CN-120726543-B - Video data processing method, device and system for self-adaptive evolution
Abstract
The application discloses a video data processing method, device and system with self-adaptive evolution, and relates to the field of electric digital data processing. The method comprises the steps of determining a data distribution feature vector of target video data, retrieving a target model parameter set in an action space according to the data distribution feature vector and a preset model framework, wherein the action space comprises a plurality of groups of selectable model parameter sets, generating model parameter description information according to the preset model framework and the target model parameter set, and sending the model parameter description information to terminal equipment, wherein the model parameter description information is used for adjusting a video data processing model deployed in the terminal equipment to obtain the target video data processing model.
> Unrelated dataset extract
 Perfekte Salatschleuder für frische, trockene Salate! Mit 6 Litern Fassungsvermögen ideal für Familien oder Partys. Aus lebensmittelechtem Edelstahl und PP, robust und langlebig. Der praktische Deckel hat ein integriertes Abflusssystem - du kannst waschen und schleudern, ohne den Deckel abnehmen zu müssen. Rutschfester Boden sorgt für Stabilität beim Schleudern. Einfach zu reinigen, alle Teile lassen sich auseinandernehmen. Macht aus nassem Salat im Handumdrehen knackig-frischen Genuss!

The application solves the technical problem of low model data processing efficiency caused by adopting a static data processing model in the related technology.
Inventors
- SUN HAO
- WU DONG
- LI XUELONG
- HE ZHONGJIANG
- ZHOU XUYANG
Assignees
- 中电信人工智能科技(北京)有限公司
Dates
- Publication Date
- 20260512
- Application Date
- 20250828
Claims (11)
- 1. A method of adaptively evolving video data processing, comprising: determining a data distribution feature vector of target video data, wherein the data distribution feature vector is used for representing a first data feature of the target video data, and the first data feature comprises at least one of category distribution entropy, a data processing difficulty evaluation result and spatial resolution, and the data processing difficulty evaluation result is determined by the following steps: Determining a second data characteristic of the target video data, wherein the second data characteristic comprises at least one of image entropy, gradient magnitude; Processing the second data features through a difficulty classifier to obtain the data processing difficulty evaluation result of the target video data, wherein the data processing difficulty evaluation result comprises difficult processing data and easy processing data; Searching in an action space according to the data distribution feature vector and a preset model framework to obtain a target model parameter set, wherein the action space comprises a plurality of groups of selectable model parameter sets; Generating model parameter description information according to the preset model architecture and the target model parameter set; And sending the model parameter description information to terminal equipment, wherein the model parameter description information is used for adjusting a video data processing model deployed in the terminal equipment to obtain a target video data processing model.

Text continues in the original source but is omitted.